Article continues after this advertisement“They will also find a Bible in his backpack,” Ramon told me as he wept for his son. I told Ramon that if Michael doesn’t make it to Heaven, then none of us have a chance.
My youngest son, Eric, who attended classes with Michael and who knew him since they were kids, attended a candlelight community vigil at the street where he was shot. It was overflowing with people as was the mass for Michael held at our parish a few days later. Everyone wept for Michael, for our church, for our community and for our society.
Why, God, why did you take Michael? Why not take drug addicts, the low-life scum who prey on our community? Why take the rare saint among a sea of sinners?
These were the questions asked at Michael’s wake but they are also the type of questions people ask whenever seemingly senseless tragedies occur. Are we simply the random victims of fate or are the tragedies planned and controlled by a higher power?

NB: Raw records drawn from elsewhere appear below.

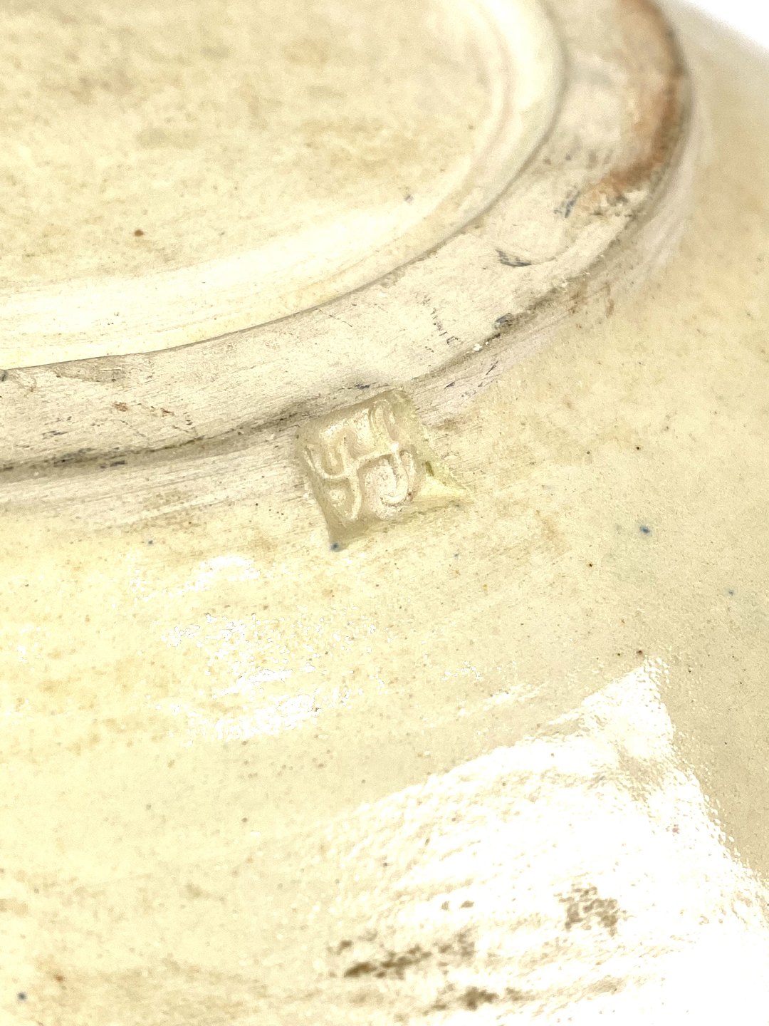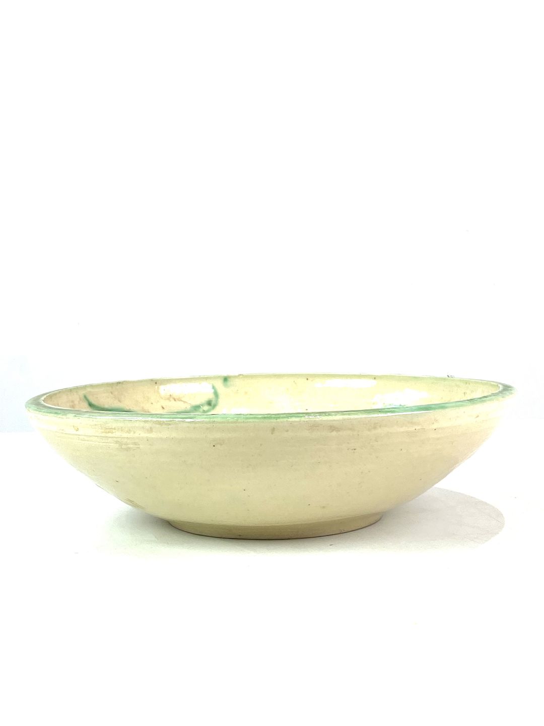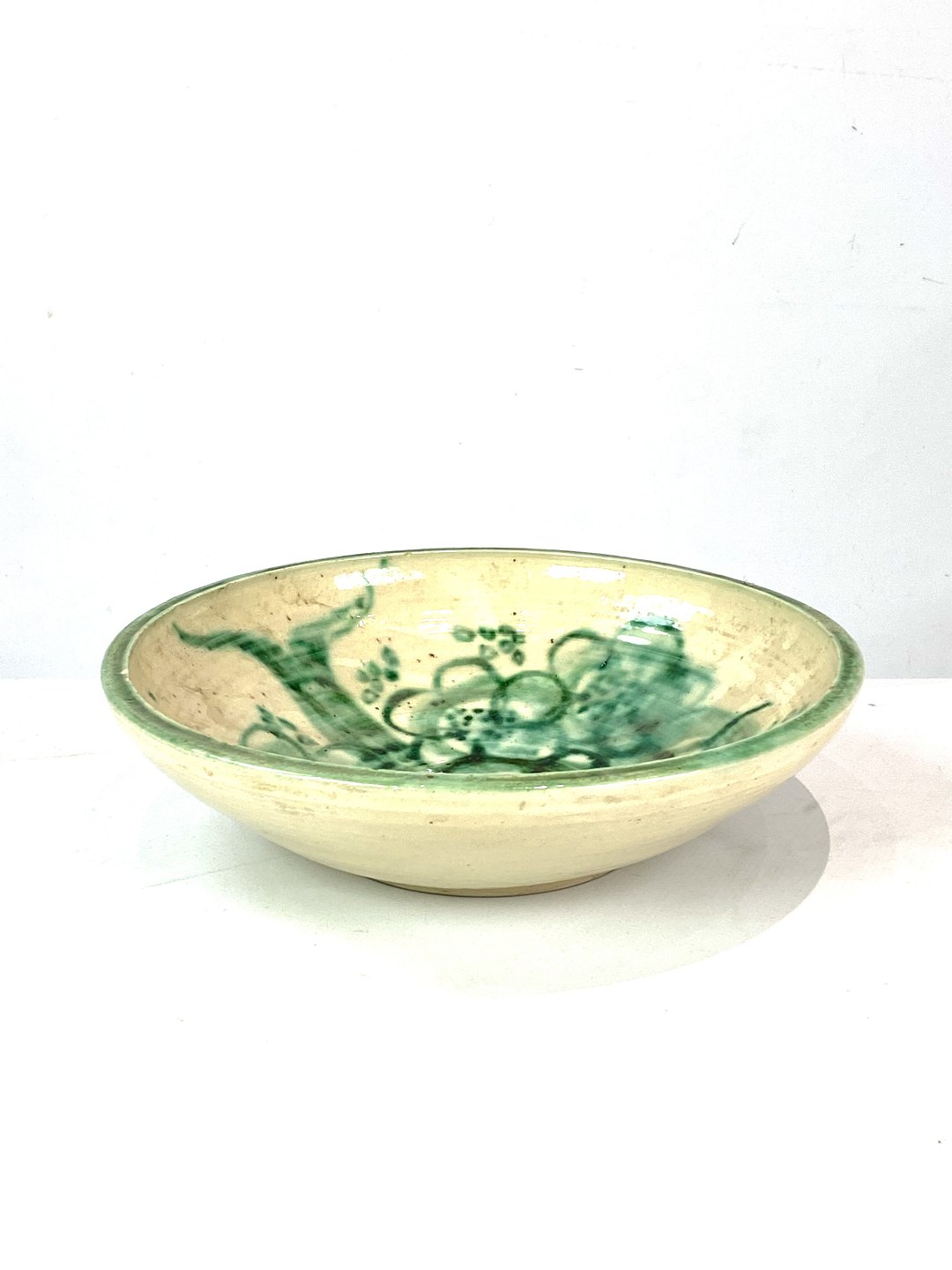 SolgtKeramik fad med lys glasur og dekoreret med grønt mønster fra 1940erne og signeret H. Fadet er i flot brugt stand.
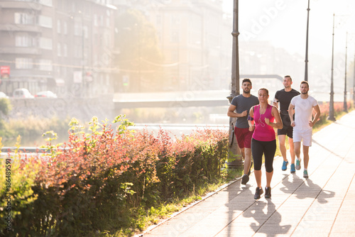 group of young people jogging in the city
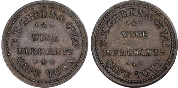 South Africa. Cape Town CU Farthing Token. 1896-1900. E K GREEN & CO. LTD. CAPE TOWN, WINE ✷ MERCHANTS ✷ / E.K. GREEN & CO. LTD. CAPE TOWN, WINE ✷ MERCHANTS ✷. Recut type. Theron-C16, Hern: 2520. 1.62g, 21.00mm, 12h.
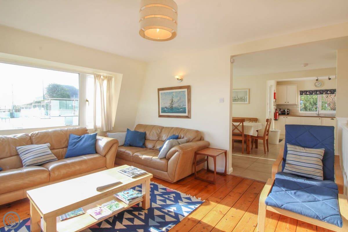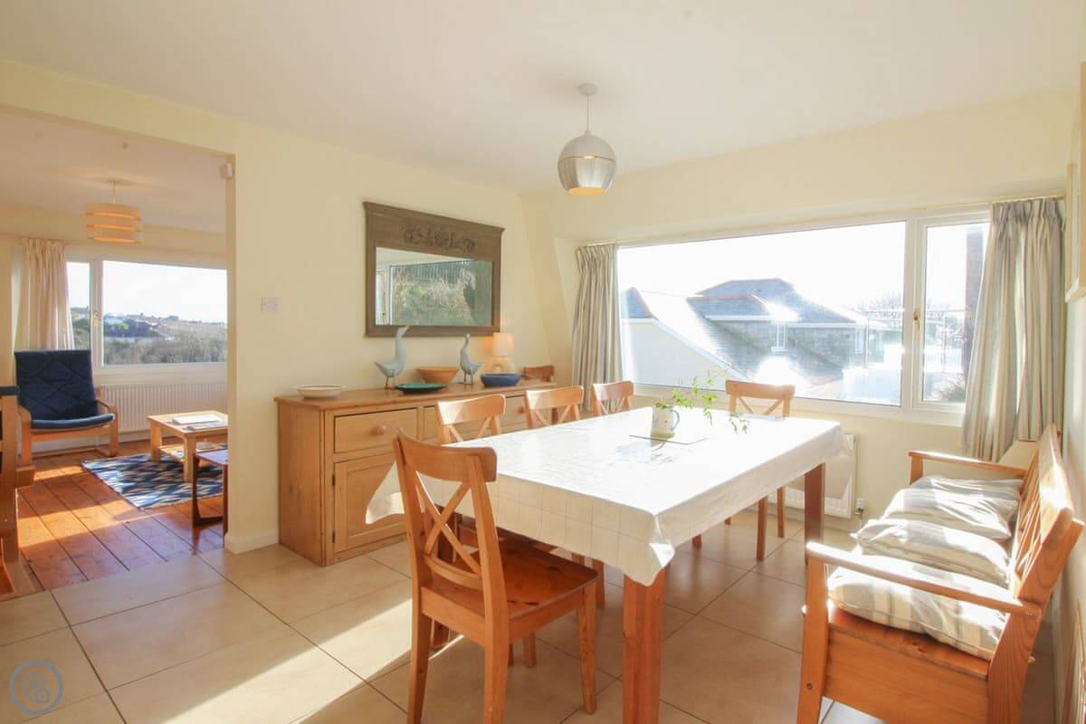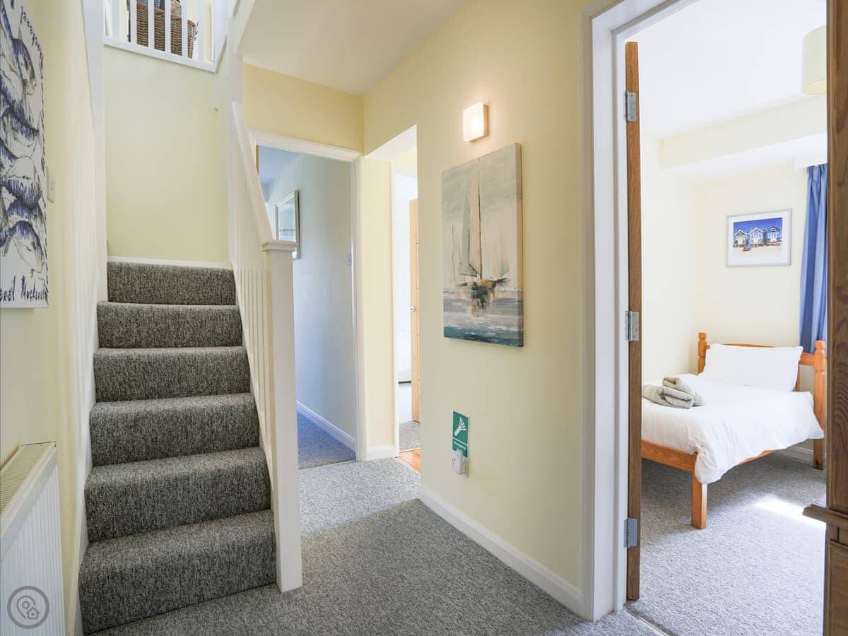 The layout is upside down, so the main living area is upstairs. That's where the kitchen, dining table, and sitting room are. The view from the deck there is good, you look out across the water. It's enclosed, so it's safe. Downstairs are the four bedrooms: two doubles with king-size beds and two twins.
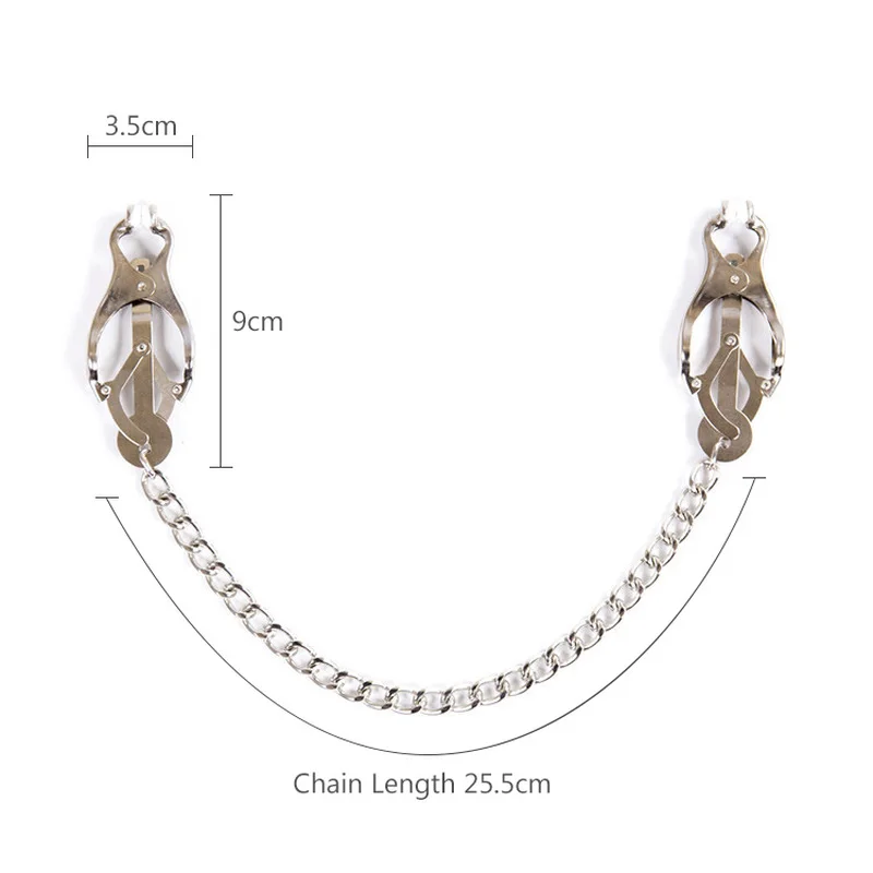 Введение продукта Материал: металл, Длина цепочки: 25,5 см Модный с компактным и нежным дизайном бабочки Предназначен как для удовольствия, так и для сладкой боли Пусть ваши соски будут наслаждаться полной болью и счастьем одновременно Забавная и надежная игрушка для флирта для пар Изготовлен из высококачественной марганцевой стали, полностью безопасен и гипоаллергенен

Thorton Wilder, the novelist-playwright known most for his plays, Our Town, and The Matchmaker (which later became “Hello Dolly”), wrote his second novel, The Bridge of San Luis Rey, in 1927 to address these issues.
The opening sentence of “Bridge” describes the pivotal event of the book: “On Friday noon, July the twentieth, 1714, the finest bridge in all Peru broke and precipitated five travelers into the gulf below.”
A witness to the tragedy, Brother Juniper, a Franciscan monk from Italy who happened to be in Peru, reflects on what he saw: “Why did this happen to those five?’ If there were any plan in the universe at all, if there were any pattern in a human life, surely it could be discovered mysteriously latent in those lives so suddenly cut off. Either we live by accident and die by accident, or we live by plan and die by plan.”
Brother Juniper then sets out to “inquire into the secret lives of those five persons, that moment falling through the air, and to [surmise] the reason of their taking off.”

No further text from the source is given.